= DATASET EXTRACT =

────────

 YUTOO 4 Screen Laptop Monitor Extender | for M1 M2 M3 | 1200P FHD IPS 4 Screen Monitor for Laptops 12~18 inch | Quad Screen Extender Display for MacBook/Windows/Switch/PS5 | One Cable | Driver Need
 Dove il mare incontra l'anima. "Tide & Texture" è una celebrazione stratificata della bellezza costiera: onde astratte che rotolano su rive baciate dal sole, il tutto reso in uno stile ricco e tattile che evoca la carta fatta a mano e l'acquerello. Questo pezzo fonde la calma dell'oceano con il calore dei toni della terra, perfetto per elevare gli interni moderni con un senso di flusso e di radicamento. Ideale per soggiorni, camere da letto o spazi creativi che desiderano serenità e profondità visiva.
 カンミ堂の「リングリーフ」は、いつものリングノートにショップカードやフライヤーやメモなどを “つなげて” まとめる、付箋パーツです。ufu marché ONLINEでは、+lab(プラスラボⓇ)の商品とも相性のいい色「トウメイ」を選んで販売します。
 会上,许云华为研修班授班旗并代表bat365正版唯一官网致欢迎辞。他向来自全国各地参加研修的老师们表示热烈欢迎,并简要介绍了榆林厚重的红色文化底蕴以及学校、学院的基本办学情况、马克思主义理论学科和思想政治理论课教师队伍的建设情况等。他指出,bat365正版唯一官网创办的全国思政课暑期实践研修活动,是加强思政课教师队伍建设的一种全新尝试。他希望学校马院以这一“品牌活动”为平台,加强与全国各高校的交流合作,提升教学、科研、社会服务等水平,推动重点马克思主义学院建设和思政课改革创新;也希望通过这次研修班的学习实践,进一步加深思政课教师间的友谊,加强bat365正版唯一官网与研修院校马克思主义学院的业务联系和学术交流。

────────

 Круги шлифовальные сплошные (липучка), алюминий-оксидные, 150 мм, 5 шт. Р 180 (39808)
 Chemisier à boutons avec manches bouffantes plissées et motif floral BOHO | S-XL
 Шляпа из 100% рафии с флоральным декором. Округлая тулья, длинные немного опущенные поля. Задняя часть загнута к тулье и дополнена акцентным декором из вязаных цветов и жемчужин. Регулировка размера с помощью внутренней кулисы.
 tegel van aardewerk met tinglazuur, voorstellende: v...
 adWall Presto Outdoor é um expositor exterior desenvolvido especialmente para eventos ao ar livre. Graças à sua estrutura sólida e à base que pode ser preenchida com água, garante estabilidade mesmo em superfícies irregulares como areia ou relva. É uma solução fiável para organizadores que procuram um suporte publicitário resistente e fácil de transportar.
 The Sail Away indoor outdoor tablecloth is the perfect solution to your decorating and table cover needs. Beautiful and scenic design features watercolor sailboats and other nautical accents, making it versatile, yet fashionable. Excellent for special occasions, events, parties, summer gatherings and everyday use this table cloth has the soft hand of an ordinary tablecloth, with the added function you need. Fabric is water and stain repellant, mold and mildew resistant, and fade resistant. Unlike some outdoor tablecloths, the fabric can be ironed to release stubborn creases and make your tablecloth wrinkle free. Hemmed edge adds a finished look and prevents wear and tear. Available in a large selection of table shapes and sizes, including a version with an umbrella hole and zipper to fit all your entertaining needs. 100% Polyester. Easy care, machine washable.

────────

= WHAT YOU HAVE TO DO =
Print exactly the lines of the listing above starting at the line containing "tegel van aardewerk" and ending at the line containing "adWall Presto Outdoor", both included.

= EXPECTED OUTPUT =
 tegel van aardewerk met tinglazuur, voorstellende: v...
 adWall Presto Outdoor é um expositor exterior desenvolvido especialmente para eventos ao ar livre. Graças à sua estrutura sólida e à base que pode ser preenchida com água, garante estabilidade mesmo em superfícies irregulares como areia ou relva. É uma solução fiável para organizadores que procuram um suporte publicitário resistente e fácil de transportar.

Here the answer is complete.